> [What you will do]: Starting at the line below that contains "Découvrez le Maraca" and ending at the line that contains "Đây là một xe", retype each line exactly as it stands, but omit the pictures.

> [Entries supplied]:
++++++++++
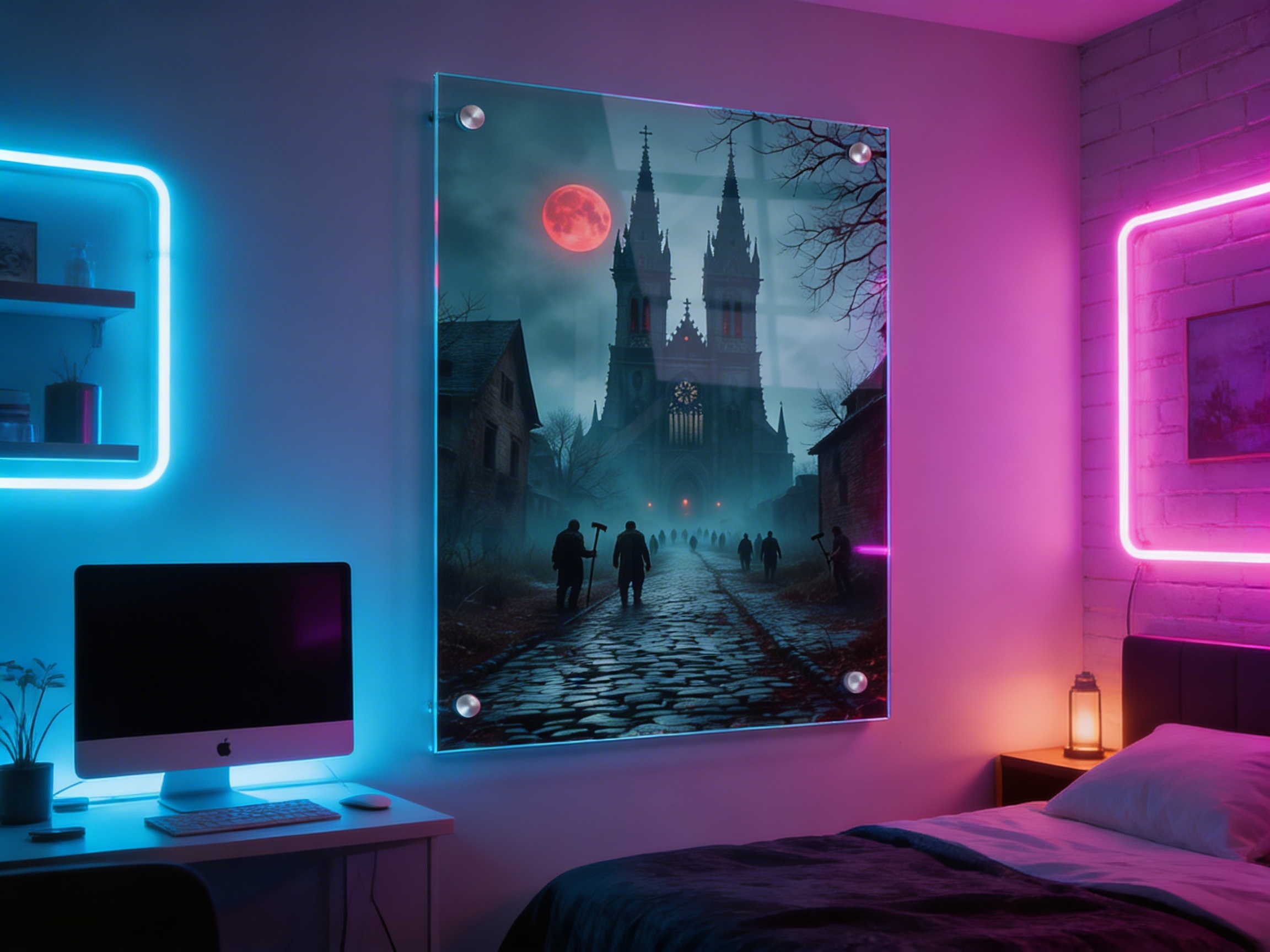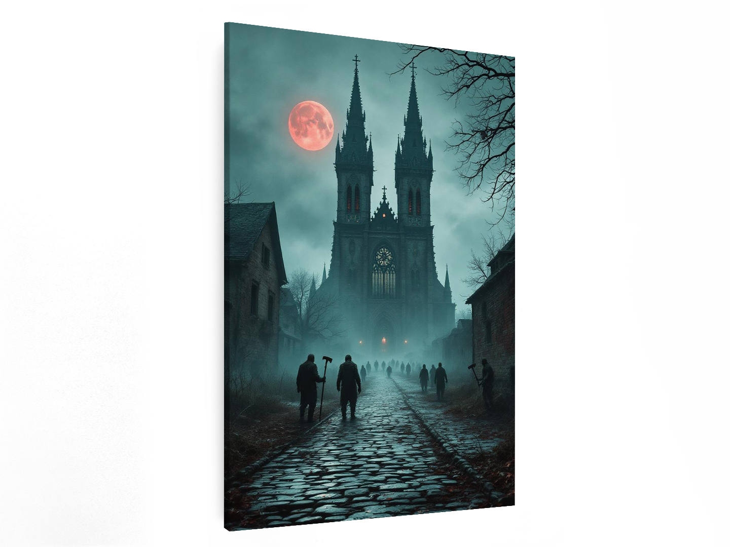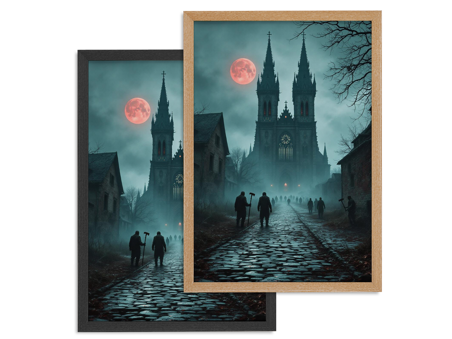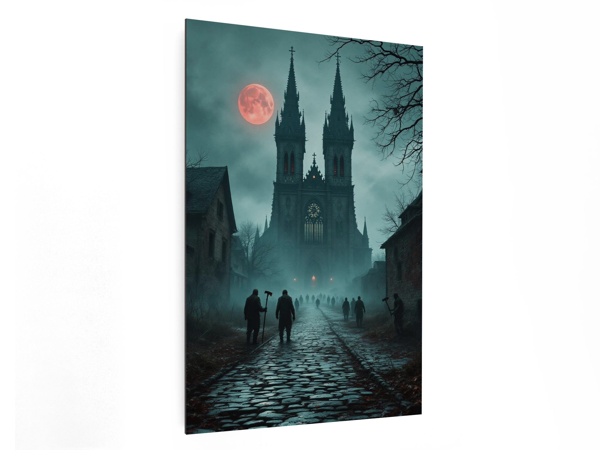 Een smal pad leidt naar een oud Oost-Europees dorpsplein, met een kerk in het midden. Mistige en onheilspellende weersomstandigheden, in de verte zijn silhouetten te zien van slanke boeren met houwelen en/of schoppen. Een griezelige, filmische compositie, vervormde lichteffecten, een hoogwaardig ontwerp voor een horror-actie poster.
++++++++++
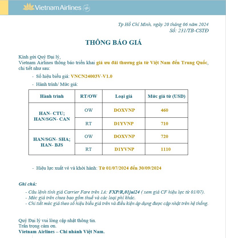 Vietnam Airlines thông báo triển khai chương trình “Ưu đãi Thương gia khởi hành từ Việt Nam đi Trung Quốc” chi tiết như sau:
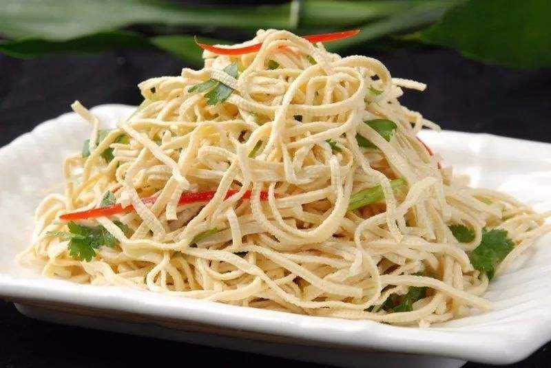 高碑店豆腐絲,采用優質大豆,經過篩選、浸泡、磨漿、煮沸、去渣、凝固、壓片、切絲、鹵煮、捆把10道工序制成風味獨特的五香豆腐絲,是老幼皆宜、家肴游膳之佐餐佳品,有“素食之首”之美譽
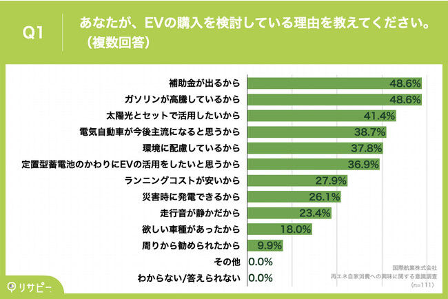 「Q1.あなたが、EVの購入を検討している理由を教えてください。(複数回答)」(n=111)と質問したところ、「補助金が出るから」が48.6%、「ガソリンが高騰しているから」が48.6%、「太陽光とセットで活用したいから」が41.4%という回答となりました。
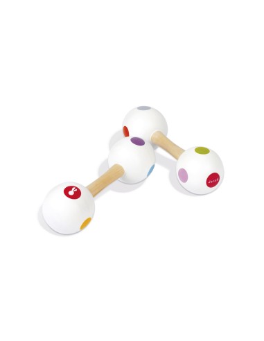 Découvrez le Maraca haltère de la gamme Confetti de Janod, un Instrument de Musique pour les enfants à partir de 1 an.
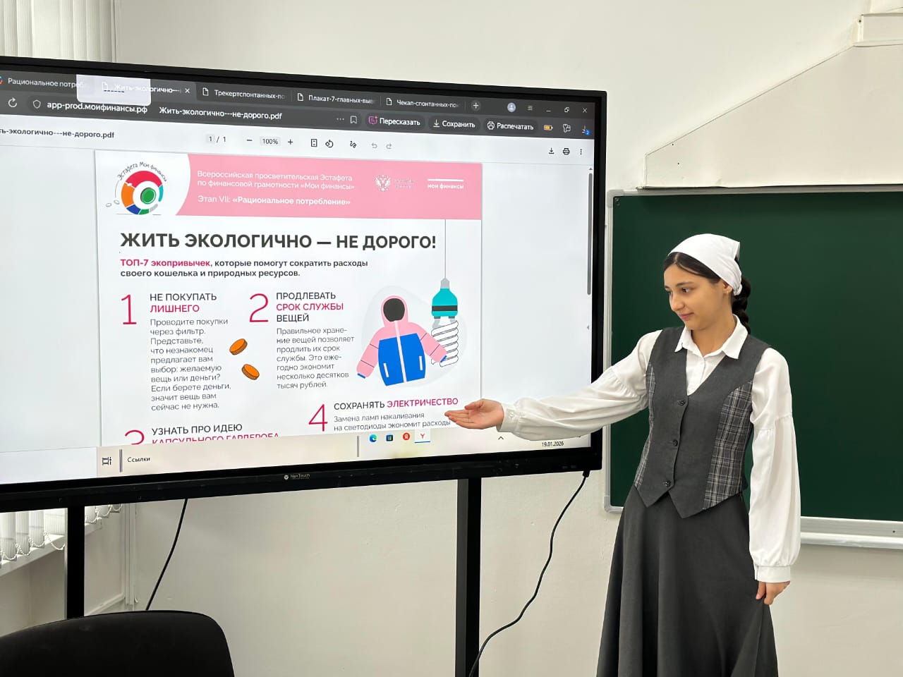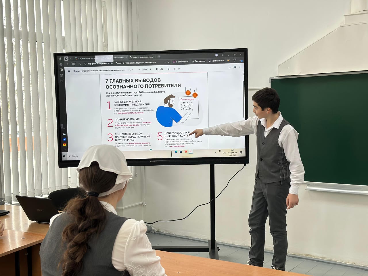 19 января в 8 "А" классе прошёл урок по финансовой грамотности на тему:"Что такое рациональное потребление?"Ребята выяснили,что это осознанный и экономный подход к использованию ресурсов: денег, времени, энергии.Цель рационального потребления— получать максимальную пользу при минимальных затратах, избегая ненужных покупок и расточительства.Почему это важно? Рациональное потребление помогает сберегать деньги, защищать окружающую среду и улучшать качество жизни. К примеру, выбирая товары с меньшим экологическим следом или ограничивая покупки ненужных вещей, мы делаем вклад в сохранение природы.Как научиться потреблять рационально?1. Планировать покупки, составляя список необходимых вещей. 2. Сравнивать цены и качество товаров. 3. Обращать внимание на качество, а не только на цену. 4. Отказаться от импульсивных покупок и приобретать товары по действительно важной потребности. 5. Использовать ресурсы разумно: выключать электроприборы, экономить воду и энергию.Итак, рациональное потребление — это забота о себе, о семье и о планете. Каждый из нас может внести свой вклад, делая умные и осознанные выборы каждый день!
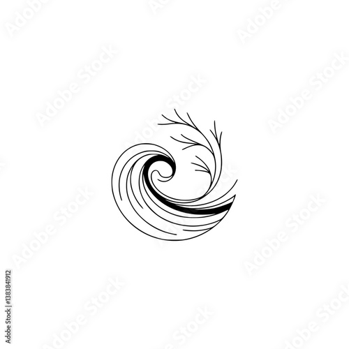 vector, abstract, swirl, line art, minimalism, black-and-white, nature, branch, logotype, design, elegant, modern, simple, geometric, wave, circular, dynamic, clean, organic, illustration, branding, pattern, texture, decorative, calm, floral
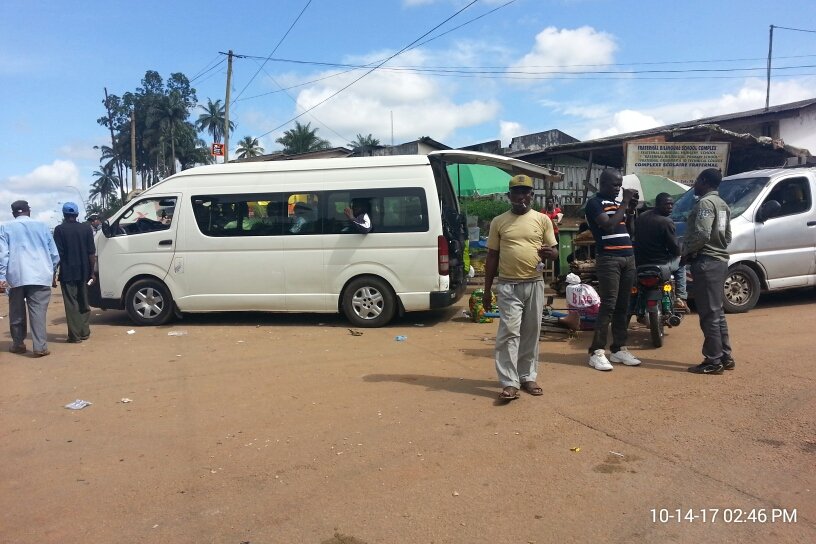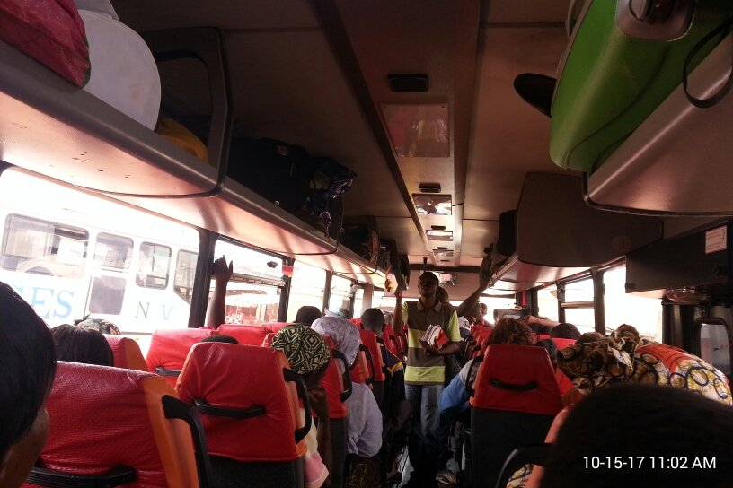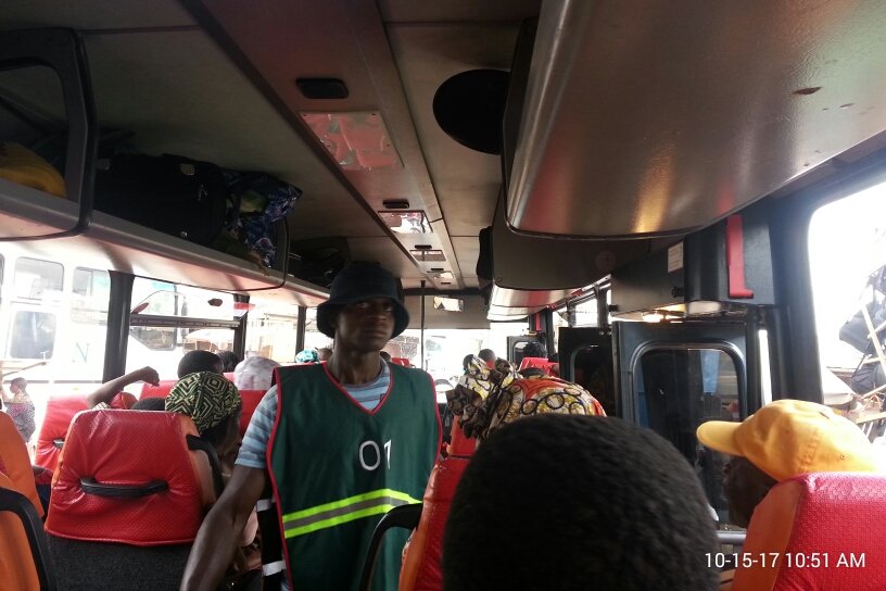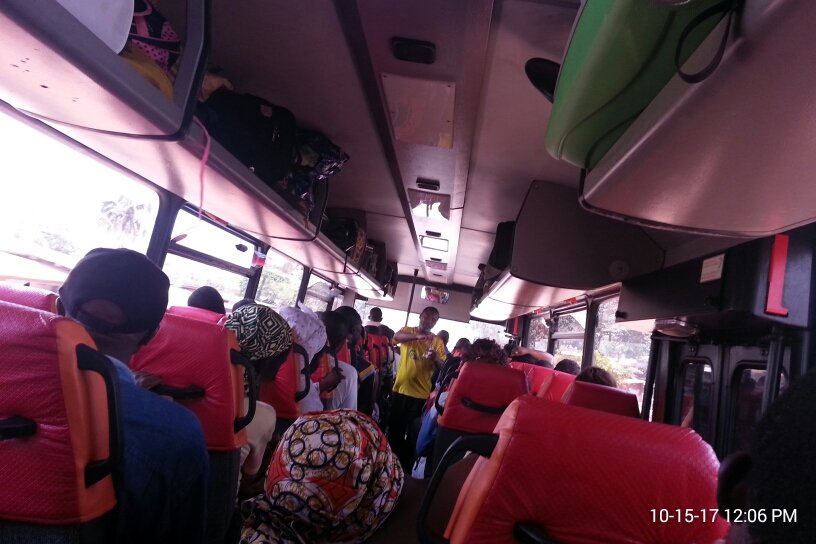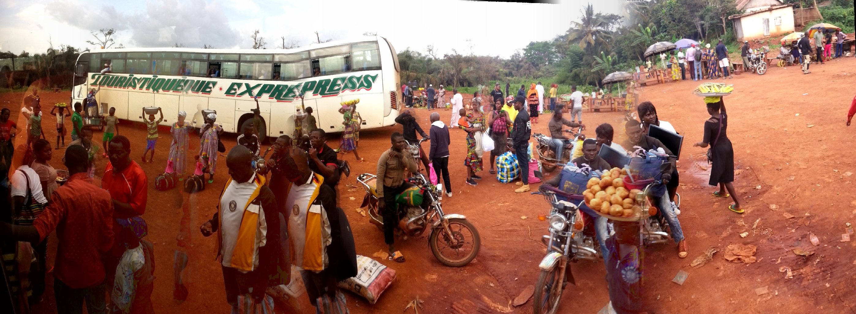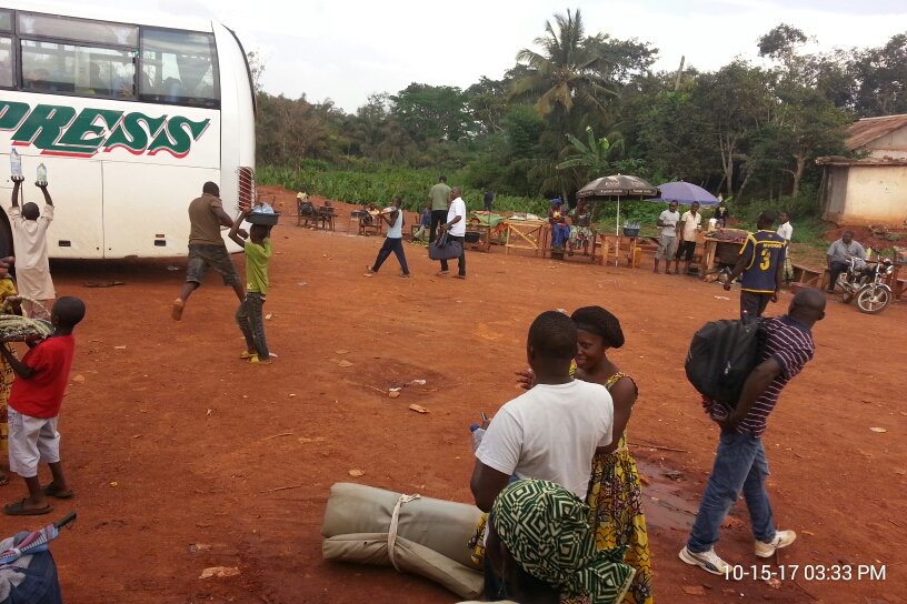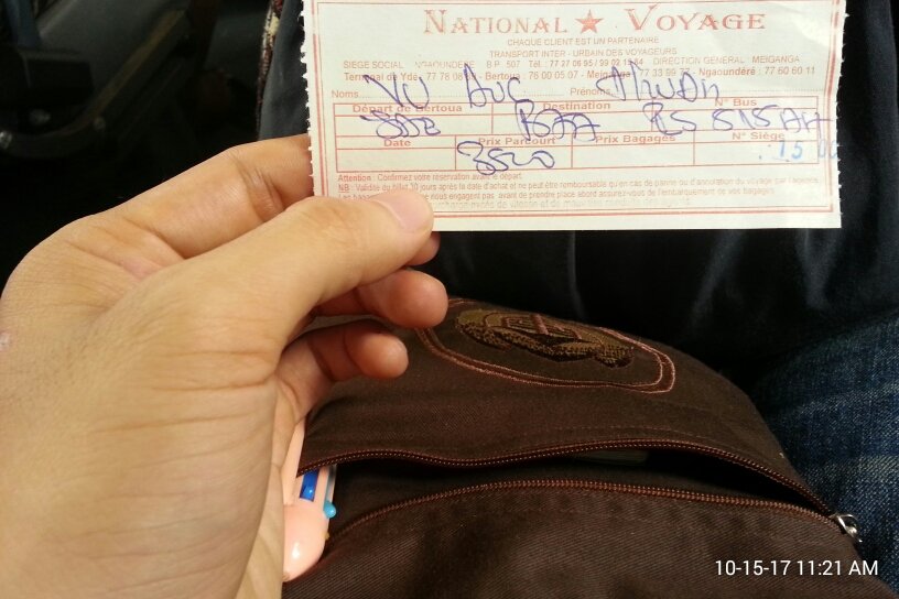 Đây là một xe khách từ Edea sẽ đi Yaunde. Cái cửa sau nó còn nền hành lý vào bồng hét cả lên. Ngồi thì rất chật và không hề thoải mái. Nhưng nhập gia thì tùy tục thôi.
++++++++++
> [Answer for the task]:
 Découvrez le Maraca haltère de la gamme Confetti de Janod, un Instrument de Musique pour les enfants à partir de 1 an.
 19 января в 8 "А" классе прошёл урок по финансовой грамотности на тему:"Что такое рациональное потребление?"Ребята выяснили,что это осознанный и экономный подход к использованию ресурсов: денег, времени, энергии.Цель рационального потребления— получать максимальную пользу при минимальных затратах, избегая ненужных покупок и расточительства.Почему это важно? Рациональное потребление помогает сберегать деньги, защищать окружающую среду и улучшать качество жизни. К примеру, выбирая товары с меньшим экологическим следом или ограничивая покупки ненужных вещей, мы делаем вклад в сохранение природы.Как научиться потреблять рационально?1. Планировать покупки, составляя список необходимых вещей. 2. Сравнивать цены и качество товаров. 3. Обращать внимание на качество, а не только на цену. 4. Отказаться от импульсивных покупок и приобретать товары по действительно важной потребности. 5. Использовать ресурсы разумно: выключать электроприборы, экономить воду и энергию.Итак, рациональное потребление — это забота о себе, о семье и о планете. Каждый из нас может внести свой вклад, делая умные и осознанные выборы каждый день!
 vector, abstract, swirl, line art, minimalism, black-and-white, nature, branch, logotype, design, elegant, modern, simple, geometric, wave, circular, dynamic, clean, organic, illustration, branding, pattern, texture, decorative, calm, floral
 Đây là một xe khách từ Edea sẽ đi Yaunde. Cái cửa sau nó còn nền hành lý vào bồng hét cả lên. Ngồi thì rất chật và không hề thoải mái. Nhưng nhập gia thì tùy tục thôi.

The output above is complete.